Neutrophil-to-lymphocyte ratio (NLR), platelet-to-lymphocyte ratio (PLR), and lymphocyte-to-monocyte ratio (LMR) were calculated from absolute cell counts. These indices were evaluated as systemic indicators of hypoxia-associated immune activation.

2.6. Serum Tumor Marker Measurement

Serum was obtained from 3–5 mL venous blood after clotting at room temperature for 30 minutes and centrifugation at 3,000 rpm for 5 minutes. Serum carcinoembryonic antigen (CEA), carbohydrate antigen 19-9 (CA19-9), carbohydrate antigen 125 (CA125), and alpha-fetoprotein (AFP) were quantified using Siemens ADVIA Centaur® XP/XPT immunoassay systems (Siemens Healthineers), according to the manufacturer’s instructions.
Thresholds for abnormal values were defined as follows: CEA ≥5 ng/mL, CA19-9 ≥30 U/mL, CA125 ≥24 U/mL, and AFP ≥7 ng/mL. These markers were evaluated as comparators but were excluded from the final multimarker model due to limited diagnostic contribution and lack of mechanistic association with hypoxia signaling.

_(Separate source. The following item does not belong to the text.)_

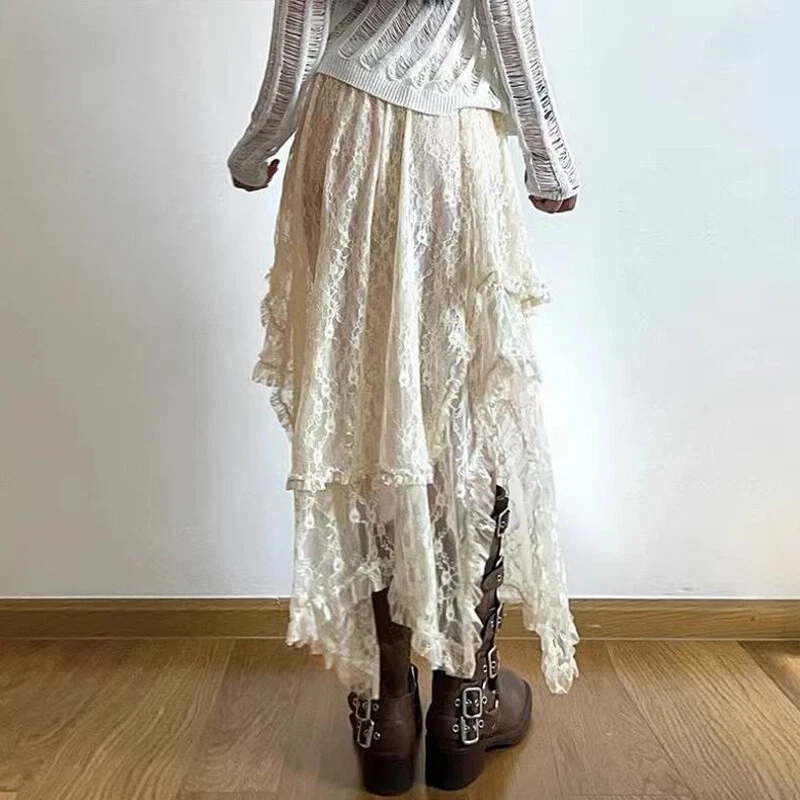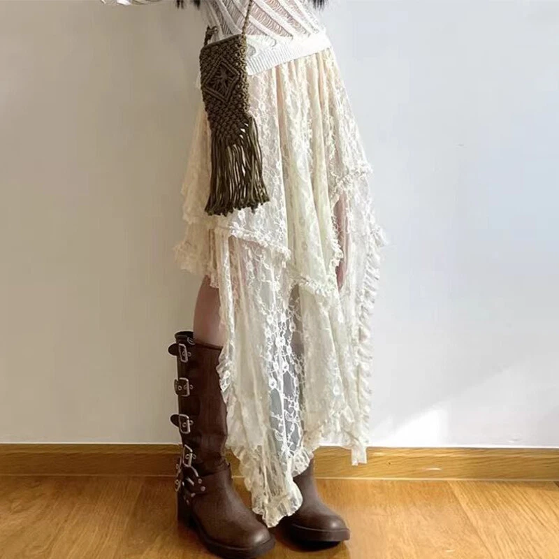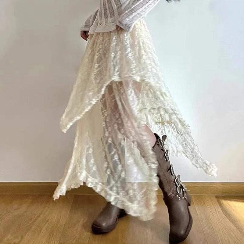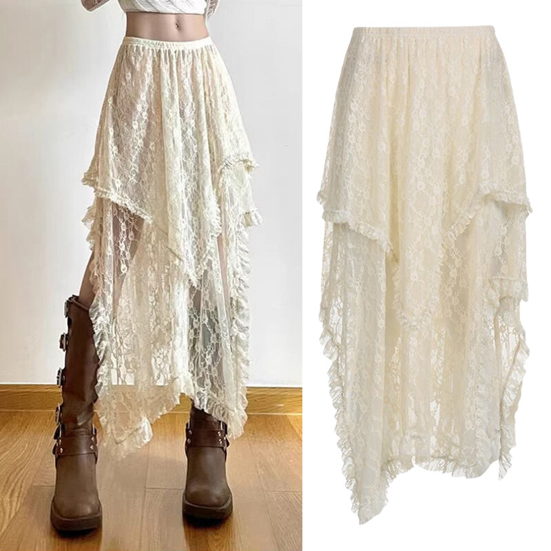 Women's A-Line Elastic Waist Irregular Skirts Ruffles Floral Lace Streetwear Description: Color: White Material: Polyester Very fairy skirt perfect for party, vocation, dance, performance and casual wear. Size: one size fits most. Package Included: 1pcs Notice: the skirts' tulle is thin-material so if you are worried about whether it is see-through or not, please choose them more carefully! Thank you so much!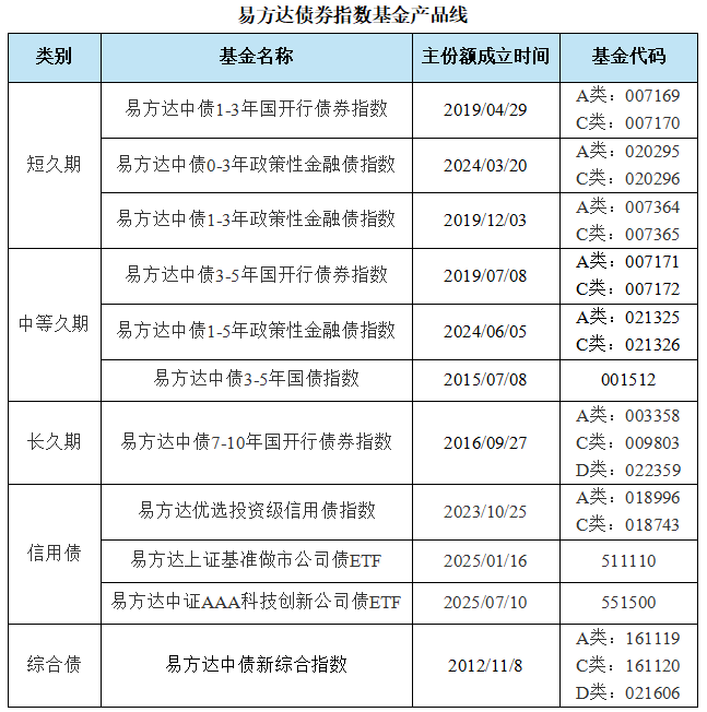目前,经过十余年耕耘布局,易方达旗下已有利率债、信用债及综合债等11只债券指数产品,逐渐实现多品种、全期限覆盖,且均已实现“管理费0.15%/年、托管费0.05%/年”的低费率。

2.7. Determination of Diagnostic Cutoff Values

Optimal cutoff values for hypoxia-associated biomarkers were determined using ROC curve analysis. The selected thresholds were ≥10.01% for plasma mSEPT9 and ≥32.32 ng/mL for urinary DiAcSpm maximizing sensitivity and specificity for CRC detection.

2.8. Statistical Analysis

Statistical analyses were conducted using IBM SPSS Statistics (IBM Corp., Armonk, NY, USA) and R (R Foundation for Statistical Computing, Vienna, Austria), with the pROC package. The Kolmogorov–Smirnov test was used to assess the distribution of the data.
Continuous variables are reported as medians with interquartile ranges (IQR). Comparisons between two groups were performed using the Mann–Whitney U test, while the Kruskal–Wallis test was applied for three or more groups, with Dunn–Bonferroni post hoc correction when appropriate. Categorical variables were presented as counts and percentages and compared using the Chi-square test or Fisher’s exact test, as appropriate. Paired comparisons of diagnostic performance between biomarkers were conducted using McNemar’s test.
Diagnostic accuracy was assessed using receiver operating characteristic (ROC) curve analysis. The area under the curve (AUC) was calculated with 95% confidence intervals, and comparisons between ROC curves were conducted using DeLong’s test. Sensitivity, specificity, positive predictive value (PPV), and negative predictive value (NPV) were calculated with corresponding 95% confidence intervals.
All statistical tests were two-sided, and p-values less than 0.05 were considered statistically significant. Model robustness and overfitting were addressed through internal validation using bootstrap resampling (1,000 iterations). Optimism-corrected performance estimates were reported to provide more conservative and reliable measures of diagnostic accuracy.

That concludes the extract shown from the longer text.